* **TASK DATA**
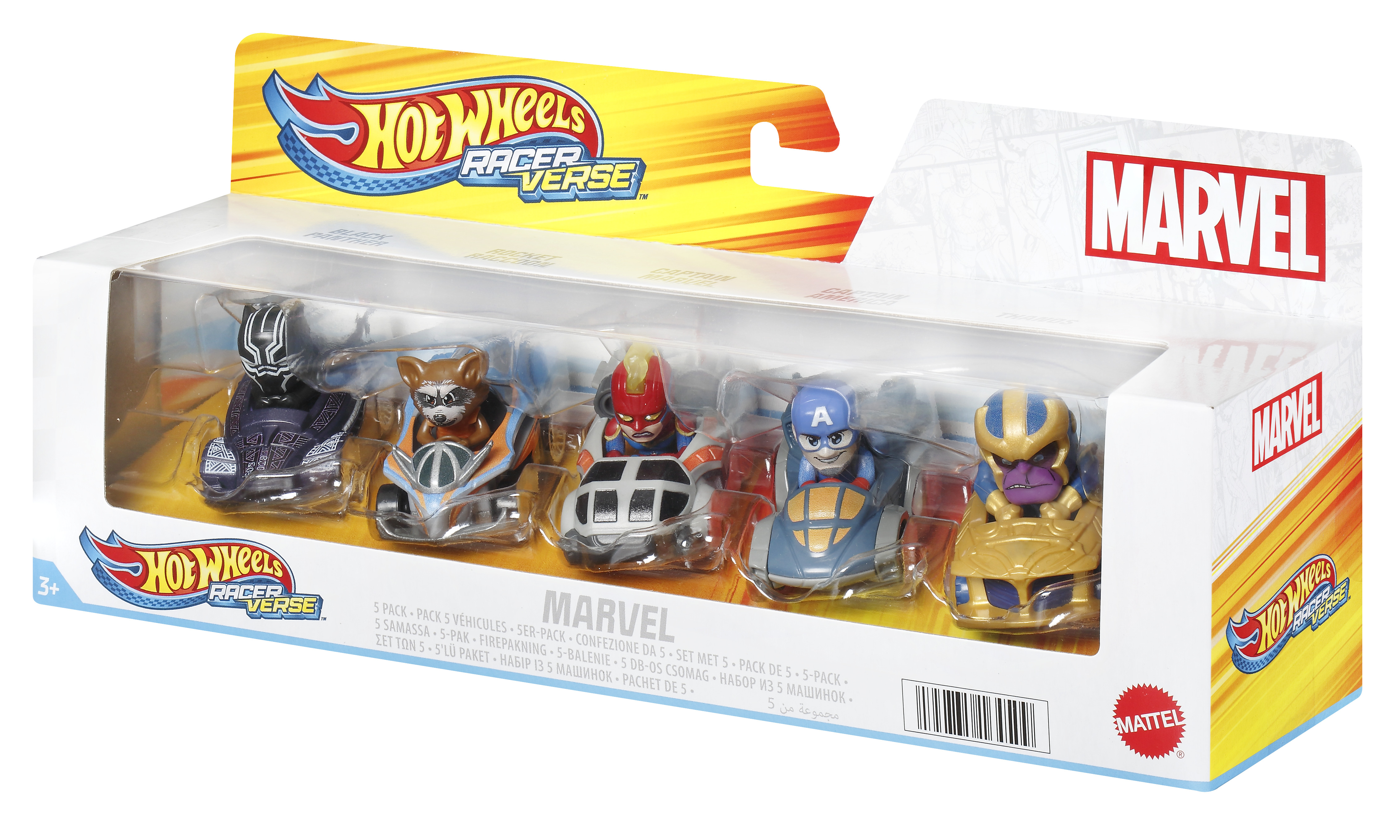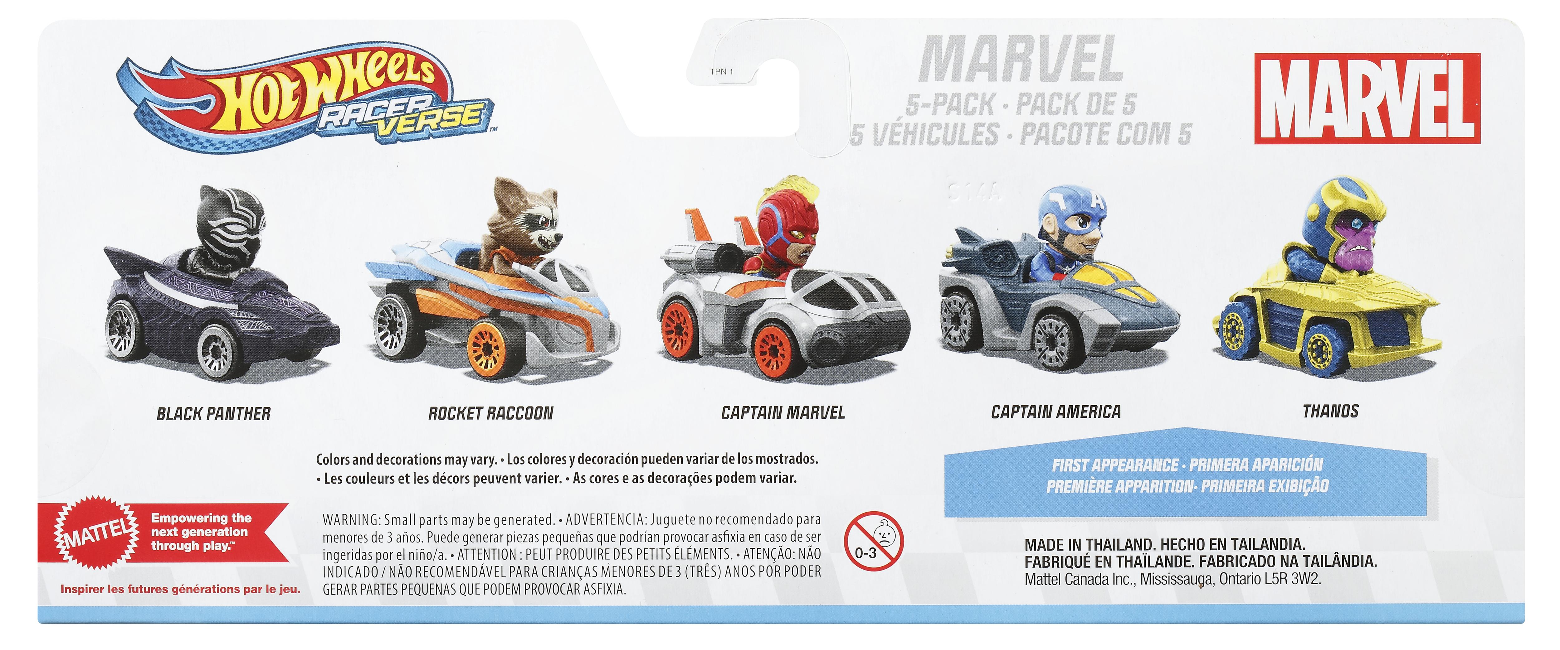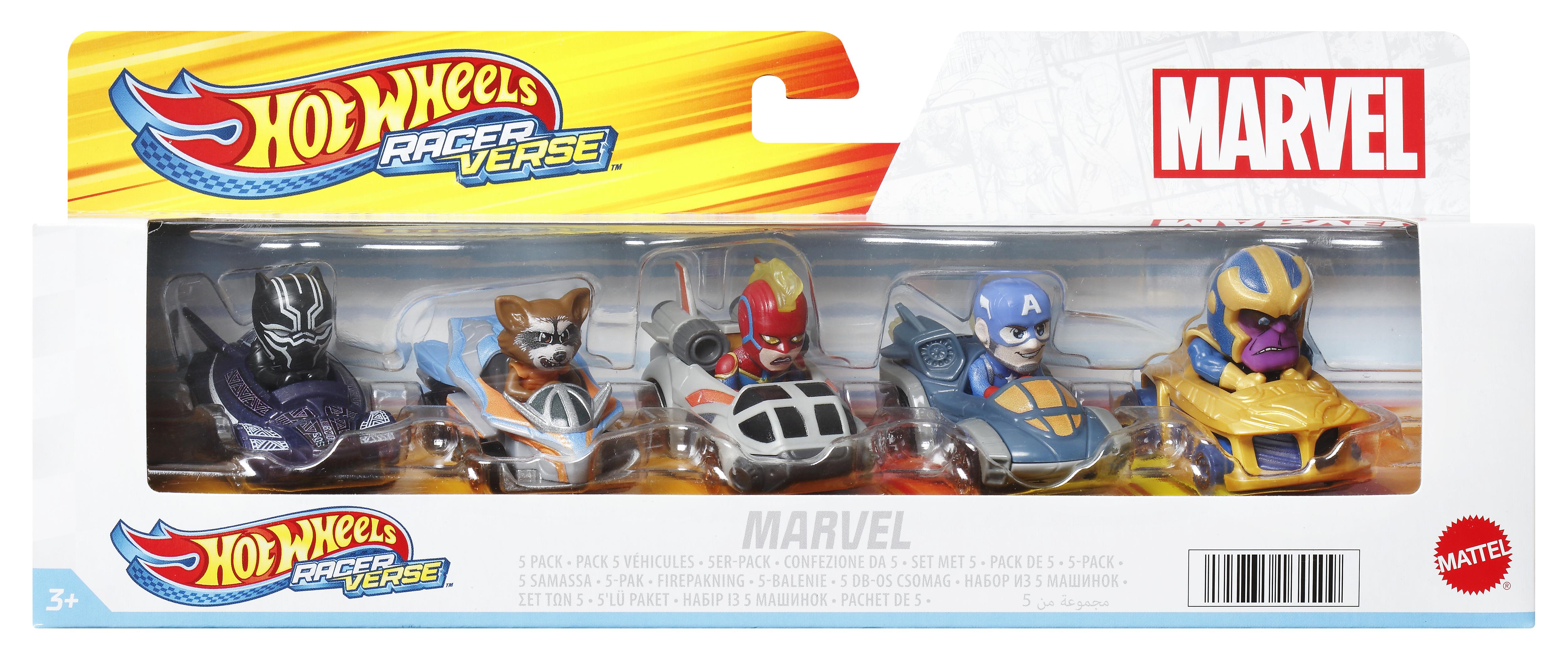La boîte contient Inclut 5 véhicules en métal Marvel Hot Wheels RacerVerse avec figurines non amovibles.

--

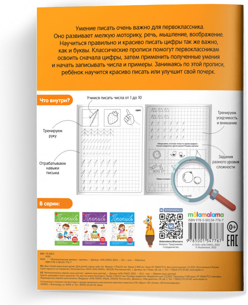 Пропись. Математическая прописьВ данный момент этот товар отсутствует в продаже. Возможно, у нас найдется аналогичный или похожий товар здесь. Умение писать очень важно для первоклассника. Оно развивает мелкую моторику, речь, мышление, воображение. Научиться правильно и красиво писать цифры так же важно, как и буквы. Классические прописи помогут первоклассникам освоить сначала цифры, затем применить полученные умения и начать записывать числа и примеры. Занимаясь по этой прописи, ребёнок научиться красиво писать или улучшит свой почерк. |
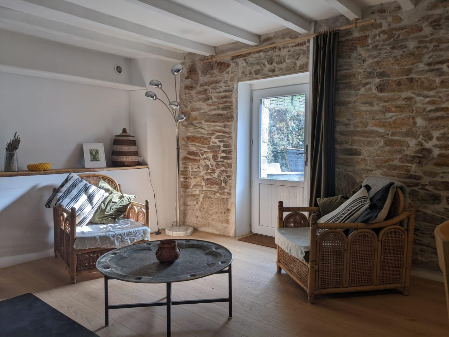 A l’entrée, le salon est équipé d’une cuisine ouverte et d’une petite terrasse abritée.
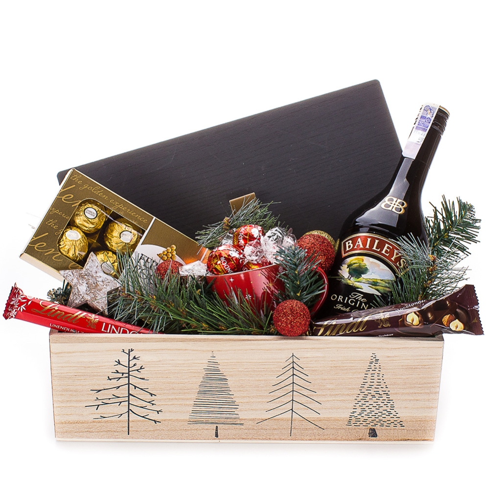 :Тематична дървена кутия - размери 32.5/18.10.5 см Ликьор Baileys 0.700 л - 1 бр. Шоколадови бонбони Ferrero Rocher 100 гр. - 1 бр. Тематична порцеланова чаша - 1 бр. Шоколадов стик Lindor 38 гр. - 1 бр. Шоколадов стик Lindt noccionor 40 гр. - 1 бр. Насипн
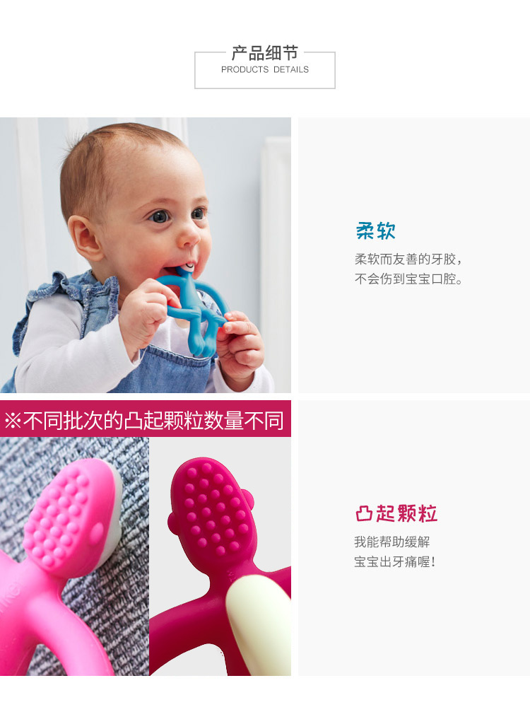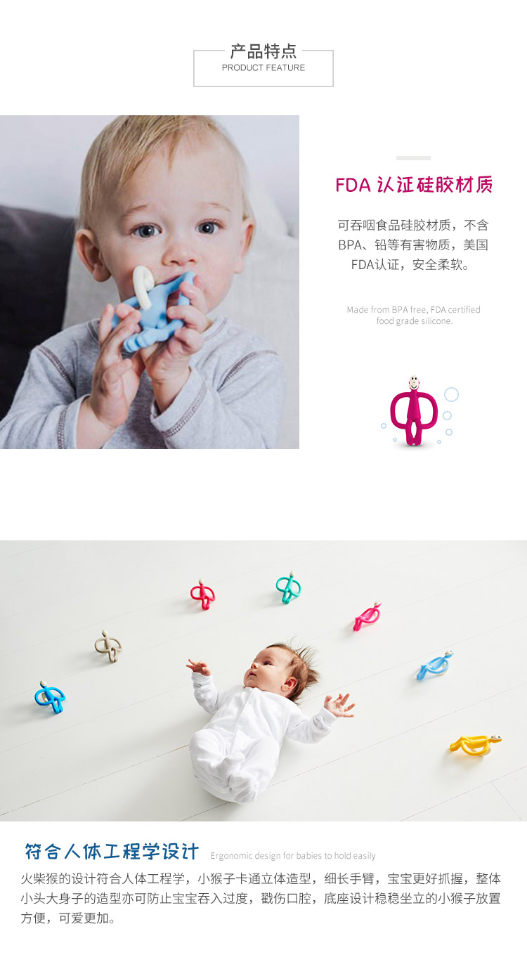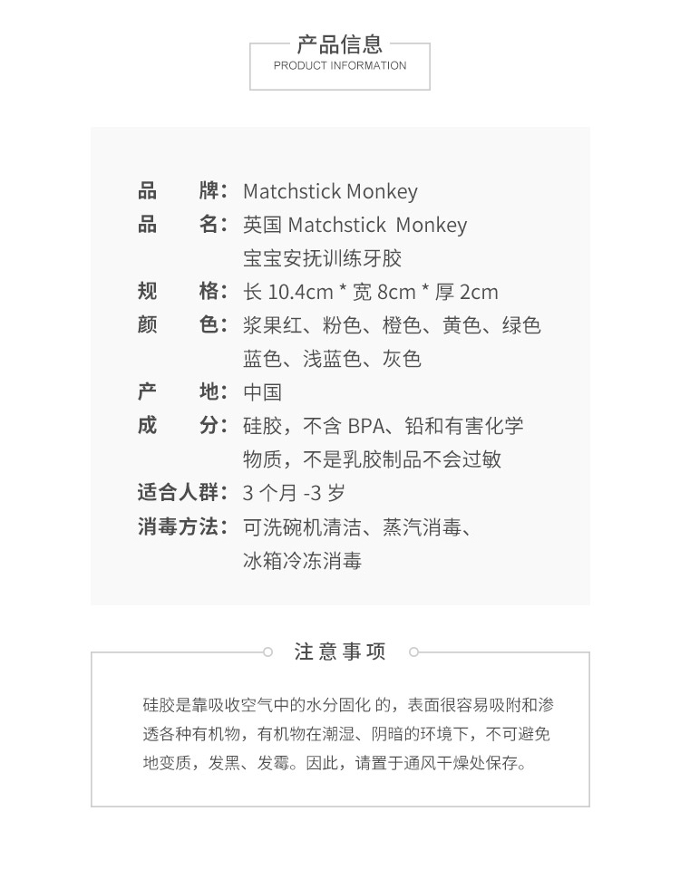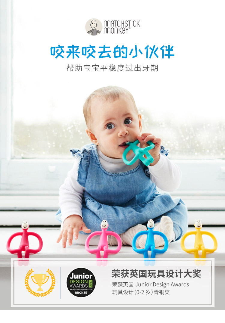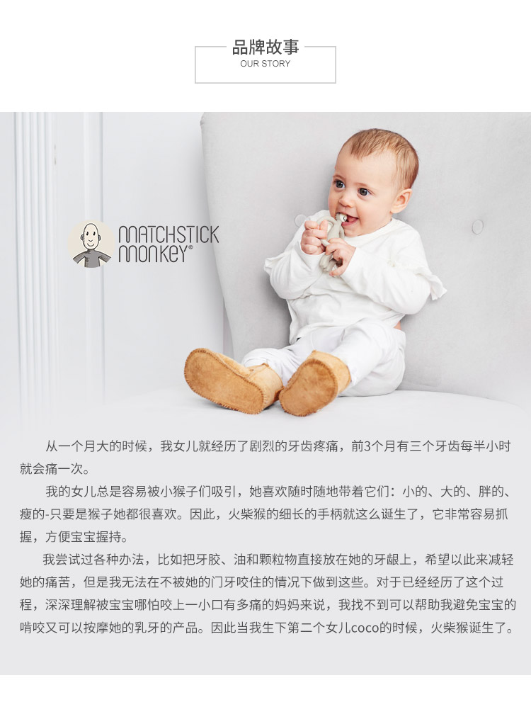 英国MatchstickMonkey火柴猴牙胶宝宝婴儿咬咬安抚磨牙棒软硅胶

==

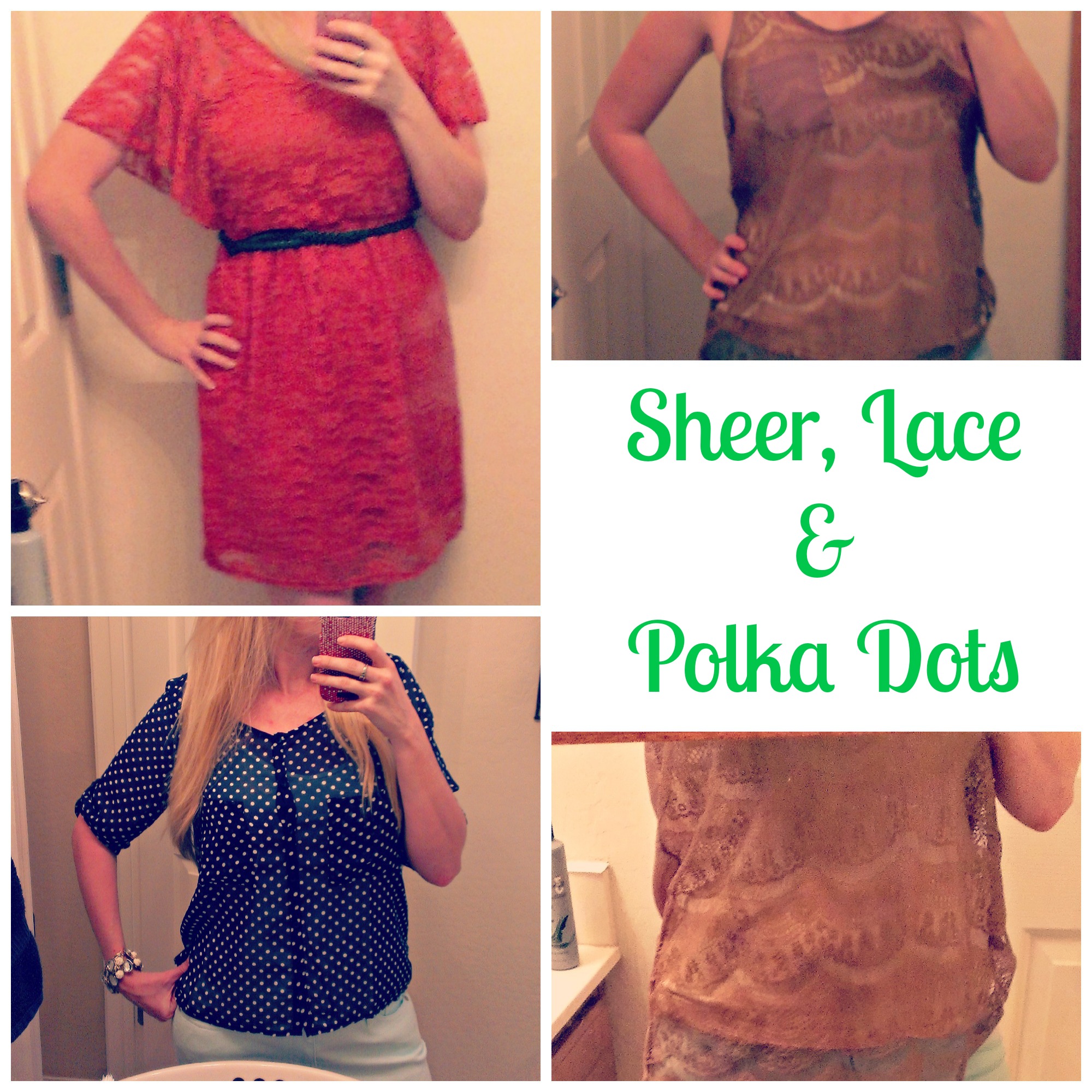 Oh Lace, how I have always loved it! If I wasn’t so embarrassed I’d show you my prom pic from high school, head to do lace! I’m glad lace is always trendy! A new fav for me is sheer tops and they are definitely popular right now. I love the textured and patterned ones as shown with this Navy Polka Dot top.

* **PROBLEM TO SOLVE**
Output exactly those lines of the data above that run from the line with "A l’entrée, le" up to and including the line with "英国MatchstickMonkey火柴猴牙胶宝宝婴儿咬咬安抚磨牙棒软硅胶". No pictures go in.

* **SOLUTION TO THIS EXERCISE**
 A l’entrée, le salon est équipé d’une cuisine ouverte et d’une petite terrasse abritée.
 :Тематична дървена кутия - размери 32.5/18.10.5 см Ликьор Baileys 0.700 л - 1 бр. Шоколадови бонбони Ferrero Rocher 100 гр. - 1 бр. Тематична порцеланова чаша - 1 бр. Шоколадов стик Lindor 38 гр. - 1 бр. Шоколадов стик Lindt noccionor 40 гр. - 1 бр. Насипн
 英国MatchstickMonkey火柴猴牙胶宝宝婴儿咬咬安抚磨牙棒软硅胶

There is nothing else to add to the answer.